A paper audit trail today isn’t a rejection of e-voting, it is progress toward a more robust implementation that in the future will, no doubt, also include other alternative durable auditable records.

For credible background on the security geek consensus, see the above-quoted NIST draft, the US ACM policy recommendation, or Bruce Schneier (University of Rochester physics alumnus!). Or anything by Ed Felten or Avi Rubin on this subject. In this case, our representatives seem to be listening to informed advisers.

Regarding politics: All parties’ oxes have been gored at one time or another by voting fraud or rumors of fraud, so this does seem like an issue on which a consensus could form.

blog backup

I participated in the public beta of, and since then the service has gone live, and, for now, free. Signing up is relatively effortless, and now I have an extra up-to-date copy of my blog content without any administrative effort on my part.

They don’t back up image content yet, but they’re working on it.

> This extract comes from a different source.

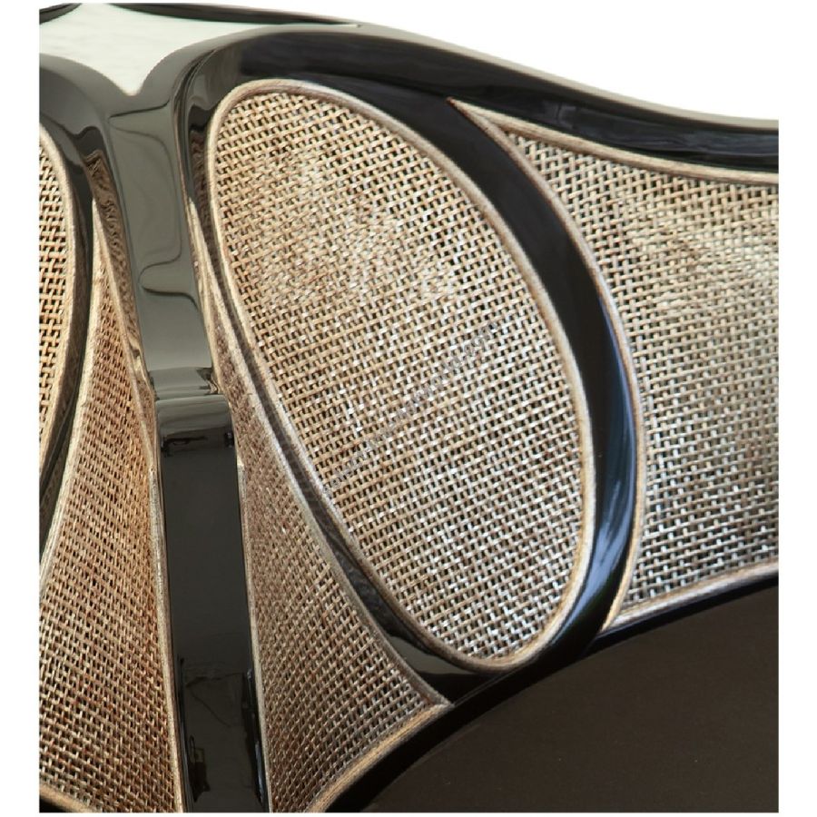 Doweled mortise and tenon frame in solid Mahogany from certified source. Sculptured by our Master-Carvers. Tight seat undersupport with high-density upholstery fill. Hand-woven rattan, available in an array of finishes. Available in a selection of finishes. For residential use only. Commercial use is classified as Special Order Design (SOD), and alternative materials may be required. Contact us for details.

I haven’t tried using their restore feature to migrate from one platform to another, but it looks like that would be a lot easier than my previous export/import from Radio UserLand to Movable Type to WordPress.

Systems programmers help people

Way back in the 1970s, I attended a banquet at RIT, for incoming or prospective students. My assigned seat placed me next to another intended Computer Science major.

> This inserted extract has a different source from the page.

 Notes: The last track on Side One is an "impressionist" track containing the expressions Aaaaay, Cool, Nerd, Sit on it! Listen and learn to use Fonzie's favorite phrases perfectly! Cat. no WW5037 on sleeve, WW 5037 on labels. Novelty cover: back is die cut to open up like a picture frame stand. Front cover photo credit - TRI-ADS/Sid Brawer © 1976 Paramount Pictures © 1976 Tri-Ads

I had cut my teeth in high school on some Basic programming (on a Xerox Sigma mainframe and a Wang 2200B), then self-taught myself APL and IBM/360 assembly language (paying for access at UR to an APL terminal, and editing object decks on the keypunch to save money while debugging assembly language programs).

My dinnermate at the banquet had had no such experience. So in choosing her major and concentration, she had to depend on the layman’s descriptions she heard during a college visit. You see, application programmers write programs that actually do things. Meanwhile, system programmers work on the operating system.

What’s an operating system? Well, it doesn’t do anything itself, it’s just there to help people write application programs.

Why did she choose Computer Science with a system programming concentration? “I like to help people.”